Shodai Nishikawa

Personal information
- Date of birth: 21 September 1993 (age 32)
- Place of birth: Nara, Japan
- Height: 1.66 m (5 ft 5 in)
- Position: Winger

Team information
- Current team: Tanjong Pagar United
- Number: 25

Youth career
- 2009–2011: Diablossa Takada

College career
- Years: Team / Apps / (Gls)
- 2012–2015: University of Tsukuba

Senior career*
- Years: Team / Apps / (Gls)
- 2016–2017: Kom / 11 / (3)
- 2017: Rudar Pljevlja / 4 / (0)
- 2017–2018: Petrovac / 16 / (0)
- 2020–2022: Tanjong Pagar United / 61 / (10)
- 2023–2024: Angkor Tiger / 26 / (3)
- 2024–: Tanjong Pagar United / 22 / (3)

= Shodai Nishikawa =

Japanese footballer

Shodai Nishikawa (西川 翔大, Nishikawa Shodai), also known as just Nishikawa, is a Japanese professional footballer who currently plays as a winger for Singapore Premier League club Tanjong Pagar United.

He also holds the club record for the all-time appearance for Tanjong Pagar United, with 84.

==Club career==

===Kom===
After graduating from University of Tsukuba in 2015, Nishikawa went for trials around Europe and signed for Montenegrin Second League club Kom in January 2016. He made his professional debut on 14 August 2016, where he also scored his first professional goal in a 2–1 loss against Radnički Berane.

=== Rudar Pljevlja ===
After impressing for Kom, Nishikawa subsequently on Montenegrin First League side Rudar Pljevlja on 19 January 2017. He made his debut for the club on 26 February in a league match against Dečić.

=== Petrovac ===
Nishikawa then joined another Montenegrin First League club, Petrovac, in August 2017. He made his debut on 5 August in a league match against Grbalj. He was released from the club a year later.

After leaving Europe, he went on trial with Indonesiam club Madura United in 2019. However, he failed to win a contract.

===Tanjong Pagar United===
After not playing football professionally for two years, Nishikawa moved to Southeast Asia to join Singapore Premier League club Tanjong Pagar United on 18 February 2020, earning around $3,000 per month. He made his first appearance for the club on 6 March in a league match against Lion City Sailors. He scored his first goal for the club in a 2–2 draw against Albirex Niigata (S) on 20 March.

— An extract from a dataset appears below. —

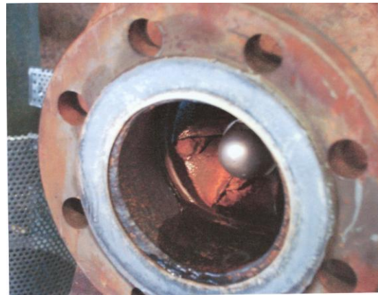
Pumpe nach 6 Wochen Test

During the league match against Young Lions during the 2022 season on 1 October 2022, Nishikawa recorded a hat-trick of assists in a 8–1 thrashing win. After spending three seasons at the club, he had recorded 10 goals and 18 assists in 64 appearances across all competition. He left the club at the end of the season.

=== Angkor Tiger ===
On 15 February 2023, Nishikawa joined Cambodian Premier League club Angkor Tiger where he was joined by compatriots Takuto Yasuoka, Shuto Asano and Taiga Kitajima. He made his debut for the club on 6 August in a 1–0 loss against ISI Dangkor Senchey. Nishikawa then scored his first goal for the club against the same opponent, but on home ground, in a 2–1 win on 5 November. He captained the club on 25 February 2024 in a 2–1 win against Tiffy Army.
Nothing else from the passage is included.